Monica Vitti, la muse d’Antonioni, est morte – Le Monde

Monica Vitti en 1965.

Muse d’Antonioni, symbole visuel « intello » des années 1960, l’actrice italienne Monica Vitti était atteinte depuis des années d’une maladie dégénérative. Elle est morte à l’âge de 90 ans, a annoncé, mercredi 2 février, le ministre de la culture italien, Dario Franceschini. « Adieu à Monica Vitti, adieu à la reine du cinéma italien. Aujourd’hui est un jour vraiment triste, une grande artiste et une grande Italienne disparaît », a écrit le ministre dans un communiqué.

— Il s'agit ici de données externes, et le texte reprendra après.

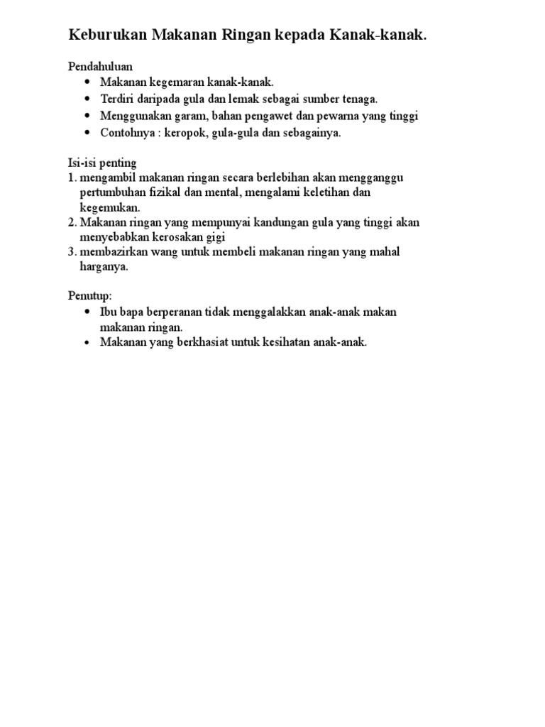 Makanan-makanan ini sangat mudah didapati enak rasanya dan berpatutan harganya. Cara Nak Cari Bra Yang Sesuai. Berikut adalah contoh isi dan karangan berkaitan dengan kesan-kesan buruk pengambilan makanan segera terhadap kesihatan untuk rujukan pelajar.
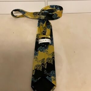 This sophisticated tie features a striking yellow and black color scheme, perfect for adding a touch of elegance to any formal ensemble. Crafted from high-quality silk, it offers a smooth texture and a refined appearance. Ideal for special occasions, this tie is a must-have accessory for a polished look.

Née Maria Luisa Ceciarelli le 3 novembre 1931, à Rome, d’ascendance sicilienne (elle a passé son enfance bourgeoise à Messine), la future icône des films sur l’incommunicabilité et l’aliénation semble avoir développé très jeune une forte personnalité.

Au travers des livres autobiographiques qu’elle publia en 1993 (Sept jupes, titre reprenant le surnom qui lui avait été donné lorsque, gamine frileuse, elle s’habillait en accumulant les vêtements l’un sur l’autre) et en 1995 (Le Lit est une rose, recueil de souvenirs, pensées, poèmes), Monica Vitti confesse avoir été « à part » dans sa famille : trop blonde pour une Latine, trop mince, trop grande perche, bigleuse (elle est astigmate).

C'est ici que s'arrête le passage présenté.